The Structure of a Professional SKILL.md File

A valid SKILL.md configuration is designed to be easily read by humans and parsed by LLMs. It contains precise system instructions, trigger conditions, required parameters, and execution examples. Below is the typical architectural blueprint of a professional agent skill:

  • Metadata & Core Scope: Declares the name of the skill, author details, target models, and a description of the capability.
  • Triggers & Intent Detection: Details semantic triggers that help the agent decide when to invoke this skill.
  • System Prompts: Explicit system-level instructions that direct the agent's behavior, personality, safety guardrails, and formatting preferences.
  • Capabilities & Tools: Lists the files, databases, or APIs the agent must access to complete the tasks.
  • Few-Shot Examples: Demonstrates real inputs and outputs, helping the model generalize behavior through in-context learning.

Optimizing Agent Workflows for Modern LLMs

Writing effective agent skills requires deep knowledge of prompt engineering. With the release of advanced reasoning models like Claude 3.5 Sonnet, ChatGPT o1, and DeepSeek-V3, prompt templates must focus on structured thinking. Developers are encouraged to use XML tags (e.g., <thought>, <context>, and <rules>) to isolate execution boundaries. Standardized prompts prevent agents from suffering from context drift, ensuring that long-running tasks remain aligned with the initial system parameters.

Exploring by SOC Occupations and Creator Profiles

What makes SkillMD unique is its taxonomy.
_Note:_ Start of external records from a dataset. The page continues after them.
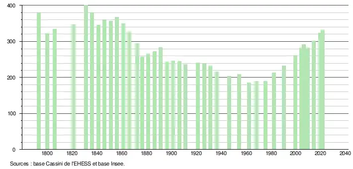 - Fiches Insee - Populations légales de la commune pour les années 2006, 2007, 2008, 2009, 2010, 2011, 2012, 2013, 2014, 2015, 2016, 2017, 2018, 2019, 2020 et 2021.
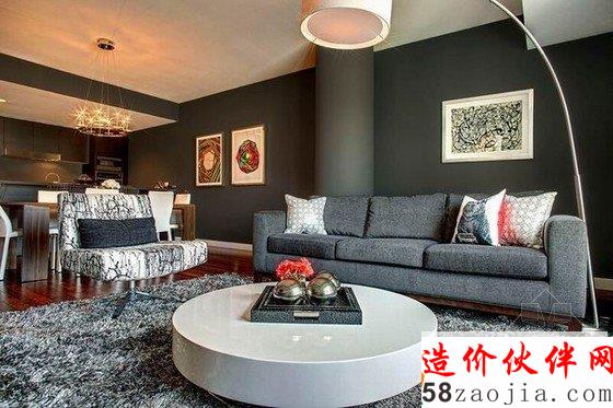 洛杉矶公寓优雅的核心是开放式的客厅和餐厅,通过大胆的色彩搭配,醒目的对比和纹理的运用创造出个性。黑色和白色的墙壁定下了时尚生活场所基调。银色圆形图案增添了一丝趣味性的,而木地板和电视柜带来温暖。白天,自然光通过大窗户涌入室内,有效增强了空间感。休息区则用丰富色彩充分“添香”,黑色的厨房清爽,同时不乏优雅。客厅的室内设计方案进一步考虑到房子的其余部分。主卧室在黑色配色基础上搭配较强石灰颜色背景墙和图案。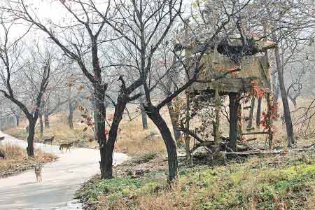 在野狼谷的中心区,记者见到了此次为挑战者搭建的“鸟巢”,说是房屋,就是一间用钢管搭建、稻草围苫而成的距地面3米多高的茅草棚。在野狼谷的3天时间里,挑战者都要在这个“家”中度过。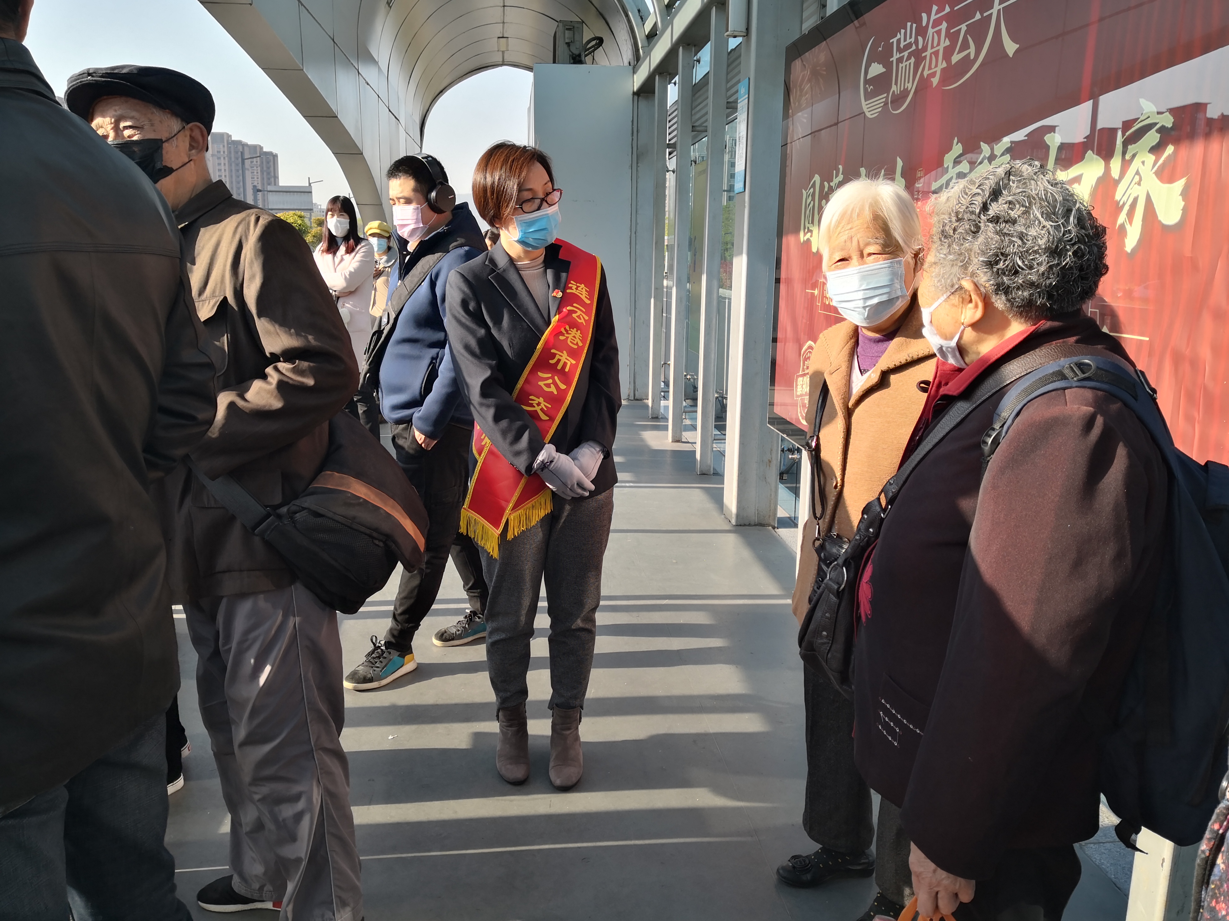 同时,快速公交党支部结合港城创文实际及安全生产工作,组织“文明交通”志愿服务活动。志愿者们以两人为一组,统一穿着志愿者马甲及“文明公交,绿色出行”绶带,深入客流较大的8个站台,在出行早高峰期及时劝阻乘客不文明现象,引导乘客先下后上,有序乘车,并对驾驶员着装规范、路口减速等进行重点检查。活动中志愿者们热情服务,倡导督促乘客文明乘车,耐心解答乘客疑问,并积极宣传本市创文要求,营造了良好的文明乘车氛围。

Instead of simple text search, we parse and organize files according to the Standard Occupational Classification (SOC) system. This means you can discover skills written for Computer and Mathematical roles, Business and Financial operations, Legal, Design, and and Educational Instruction fields. By tracking creator profiles, developers can study how different teams organize their custom instructions, compare version updates, and fork public configs for specialized enterprise use cases.

SkillMD operates as a high-performance index running on a fast Go backend and a highly responsive Astro SSR frontend. All search queries execute in milliseconds, featuring smart debouncing to prevent multiple API requests while keeping user data secure. Join our community of developers to standardize your AI agent instructions and optimize your LLM prompting workflows today.

8 QUESTIONS

Frequently Asked Questions

A practical guide to agent skills: what they are, how to inspect them, and how SkillMD helps you explore the ecosystem.